2006 round-up
In a year, Plane Stupid has become one of the direct action groups of the emerging grassroots climate movement in Britain. Our dramatic impact has come by means of a series of high-profile direct actions and a near obsessive focus on clear, basic demands that people understand: the scrapping of airport expansion plans, a tax on aircraft fuel and plane tickets, and an end to unnecessary and unsustainable short haul flights.
With arguments rooted in the science from the Tyndall Centre and Oxford University, our role has been to peacefully force - and to empower and inspire others to force - action against the root causes of emissions from what constitutes the fastest growing source of greenhouse gases.
In just a year, we have disrupted the world's largest international aviation industry conference in Central London; grounded planes through the occupation of a taxiway at the short-haul East Midlands Airport; blocked the entrance to BAA's headquarters at Heathrow; staged a roof-top protest at easyJet's corporate headquarters in London; and temporarily shut down tens of travel agents across the UK. We also inspired and oversaw Britain's first national day of action against short haul flights, which saw local groups hold demonstrations at six regional airports and outside Flight Centre travel agents in cities across the UK.
For our activities, we have shot into the headlines with a twenty-minute feature on Newsnight; interviews on shows including The Today Programme and Tonight with Trevor McDonald; and cover-story features in New Statesman and Marketing Weekly Magazines. We continue to be swamped with hundreds of media calls and are the focus of two documentaries to be aired in the New Year.
Our role has not been to overlap with other groups who have entered into discussions with industry and government; nor has it been to research sustainable alternatives to air travel. Plane Stupid should complement the work of these NGOs that are established and expert in the areas of conventional campaigning and lobbying, while remaining distinctive, focussed, direct-action orientated, and different.
John Stewart, Chair of AirportWatch, explained:
"Plane Stupid is playing a crucial role as part of the aviation protest movement. Its focus on putting across clear, uncluttered messages through the means of direct action is both reaching audiences that the more conventional groups find it harder to tap into and is putting a new form of pressure on government and the aviation industry.
"Many of us are in regular contact with Plane Stupid. We exchange ideas and strategies and ensure that our activities complement each other. Plane Stupid has become an essential part of the jigsaw of people and organisations that are calling for a new approach to aviation - large NGOs, airport campaign groups, individual environmentalists as well as sympathetic academics, politicians and local authorities."
Peter Lockley, a campaigner with the Airport Environment Federation (AEF), commented:
"Our methods vary but our message is the same - that the Government's current aviation policy is totally unsustainable. As an organisation working through established channels of lobbying we share their frustration at Government inaction and we warmly welcome the renewed sense of urgency they bring to the issue."
Author and journalist, Mark Lynas, said:
"It really is astonishing - the contribution that Plane Stupid and the rising direct action movement has made to raising awareness of the climate impacts of cheap flights"
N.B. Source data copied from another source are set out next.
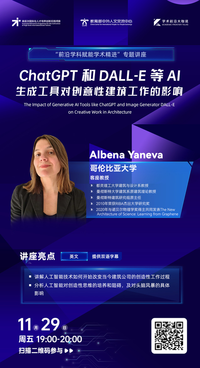 学术前沿大咖说 | chatGPT和DALL-E等AI生成工具对创意性建筑工作的影响(2024年11月29日 19:00-20:00,主讲人:Albena Yaneva)
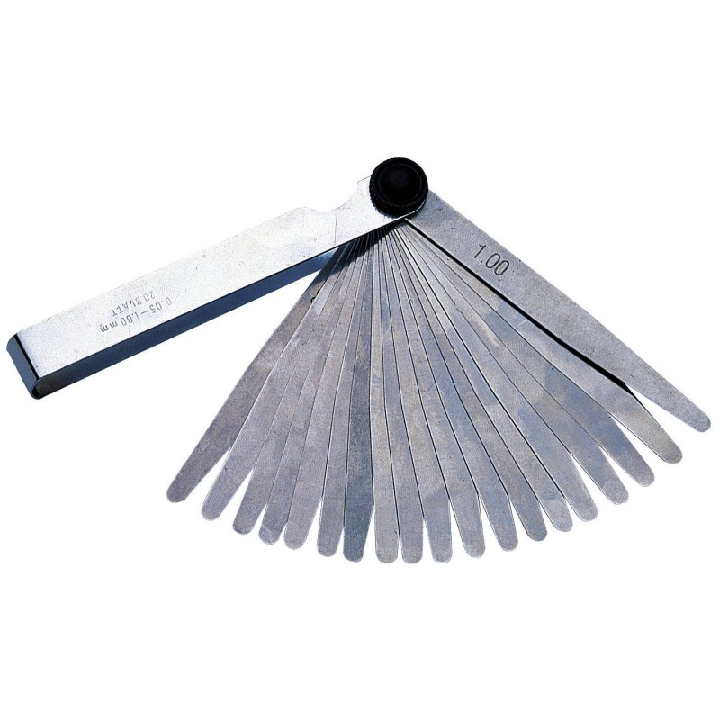Jauges d'épaisseur avec 20 lattes de 0,05 à 1 mm, idéales pour des mesures de séparation et de réglage précises. Fabriqué en acier tempéré, durable et facile à utiliser.
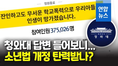 (서울=연합뉴스) 청와대는 10일 청소년들의 강력범죄를 예방하기 위해 소년범에 대한 형사 처벌을 강화하는 방안을 검토 중이라고 밝혔습니다.
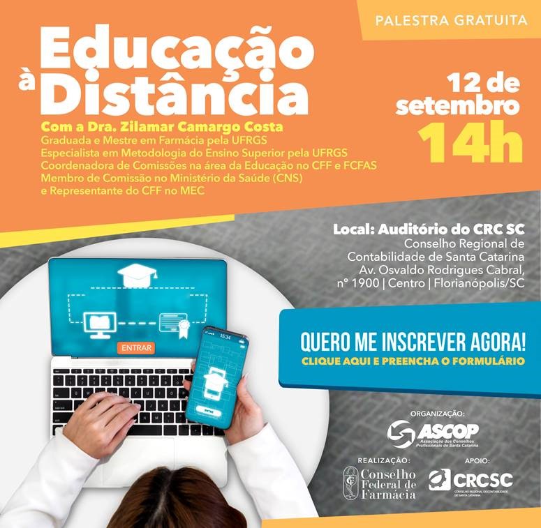 A Comissão realizou um censo com os dados e informações sobre os cursos EaD das categorias profissionais de cada Conselho representante. Foi reforçado o convite e o pedido de divulgação de palestra gratuita sobre Ensino a Distância, ministrada pela Dra. Zilamar Camargo Costa, que ocorrerá no dia 12 de setembro, às 14hs, no auditório do CRC/SC. Inscrições aqui.
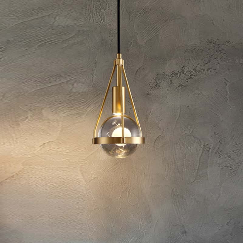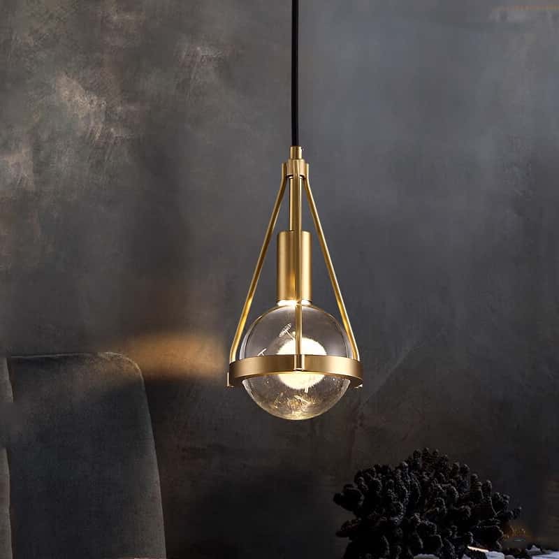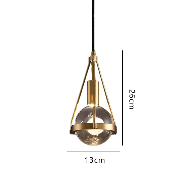 This premium pendant light features a striking combination of gold-finished metal and a spherical glass shade, designed to deliver both elegance and modern sophistication. Its unique triangular support frame enhances structural stability while creating an eye-catching architectural look. The soft glowing glass sphere diffuses light evenly, making it perfect for creating a warm and inviting atmosphere. Ideal for dining rooms, kitchen islands, bars, cafés, restaurants, and modern luxury interiors. With durable metal craftsmanship and high-transparency glass, this hanging lamp blends decorative beauty with long-lasting quality. Compatible with LED bulbs and suitable for various ceiling heights.
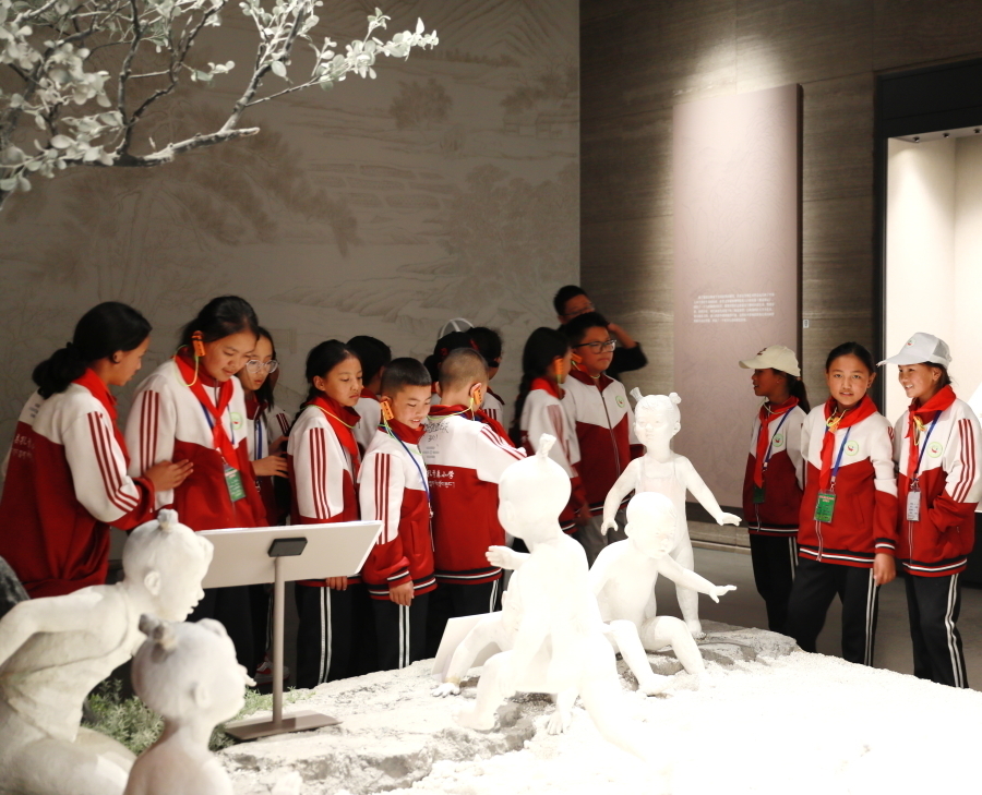 圖為《風(fēng)乎舞雩》群像塑像前,孩子們體悟千年前對(duì)于百姓富足、社會(huì)安定的理想追求 攝影:劉莉
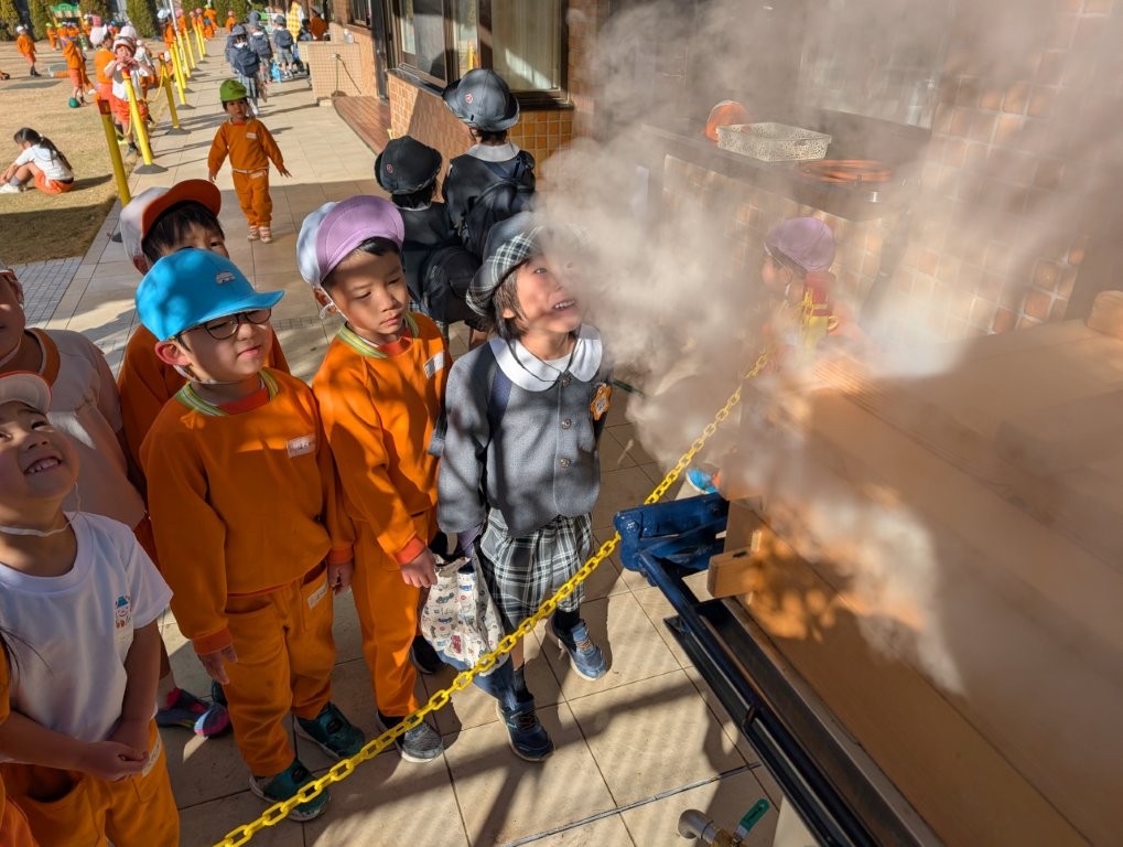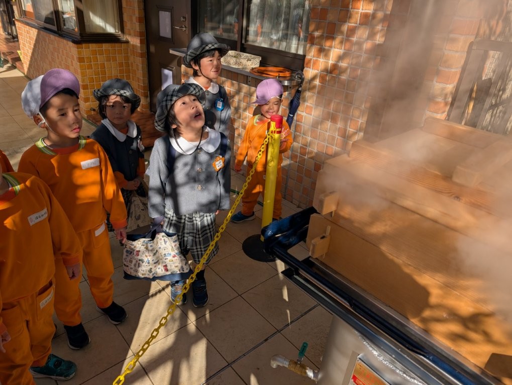 湯気モクモクのボイラーに興味津々の子どもたち✨
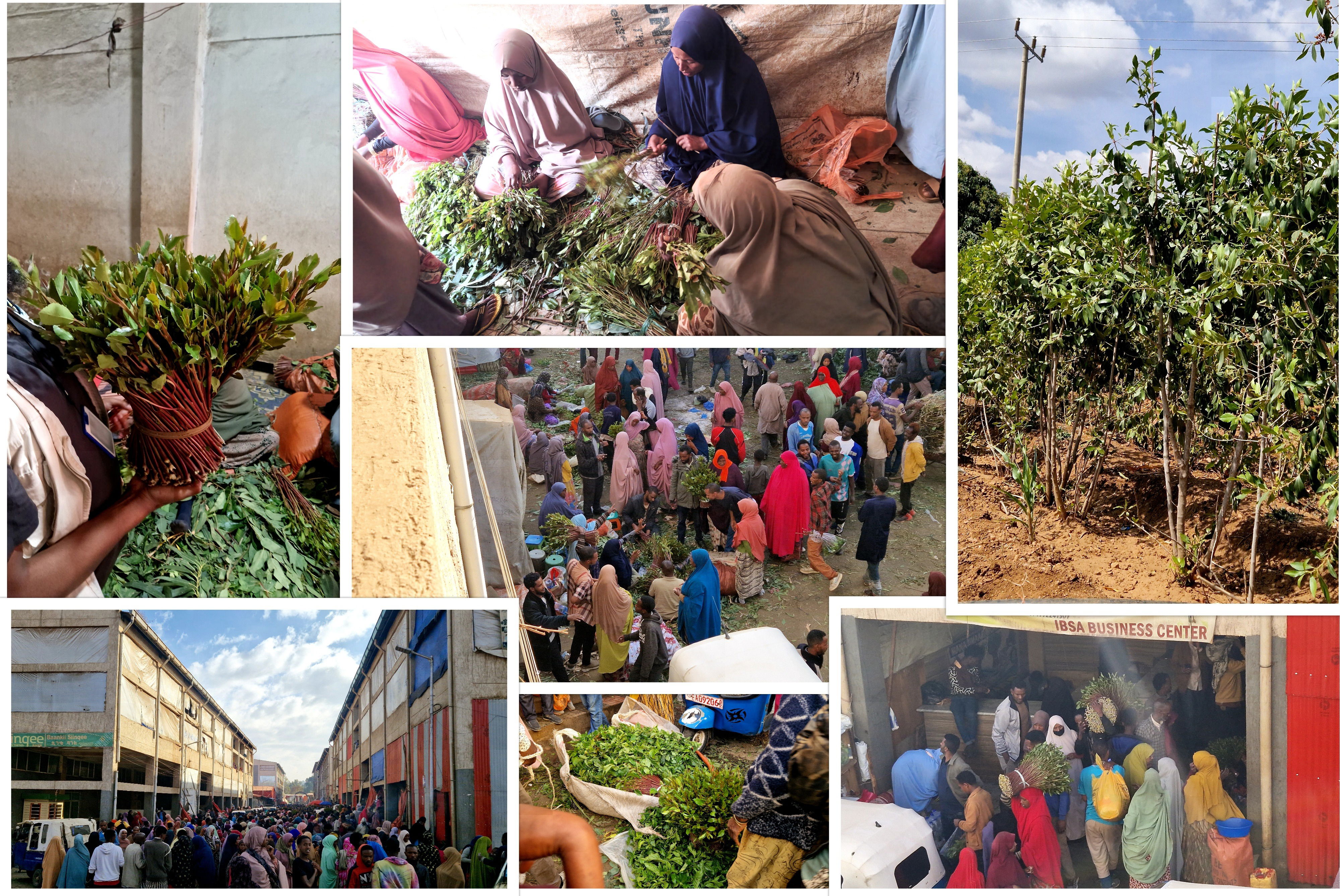 Le qhat joue un rôle économique majeur, car sa vente est une source de revenus importante pour les agriculteurs. Arrivés dans la région d'Harar, les champs sont reouverts de buissons de qhat. Il existe un marché du qhat ouvert 24h/24, où se presse une foule énorme.
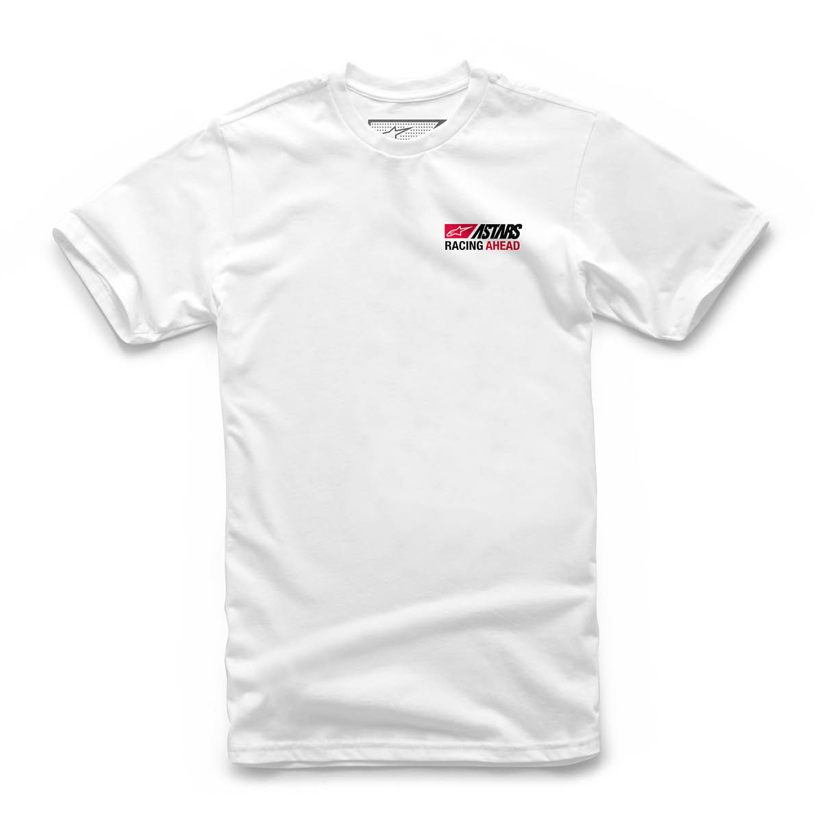 Weißes klassisches T-Shirt mit lässiger Grafik auf der Rückseite und kleinen Branding auf der linken Brustseite.

Our work has also complemented others' more directly. For example, our spokespeople have appeared on platforms with people from Transport 2000, Stop Climate Chaos, The Green Party, AirportWatch, Campaign Against Climate Change, and People & Planet; our logo has also appeared on adverts in national newspapers alongside groups including Greenpeace, AEF and enough's enough; and we have held well-attended workshops at the AirportWatch Conference; the Camp for Climate Action at Drax; at university student unions across the country; with local residents associations near Heathrow; and even at a Liberal Democrat Regional Conference!
So where now?
Easyjet will next year launch a 'greenwash' marketing strategy and Ryanair instead have chosen to launch all out attacks on the green movement at large. Prompted by Plane Stupid's national day of action against short haul flights on November 6th, Marketing Weekly quotes one PR guru as saying that short-haul budget airlines are about to face the same problem coal did in the 1980s because they are "unnecessary and outdated and therefore facing decline".
In 2007, Plane Stupid will remain focused on its three key demands. We want airport expansion plans scrapped; a tax on aviation fuel and plane tickets; and an end to short haul flights. We hope that you'll join us in making it happen.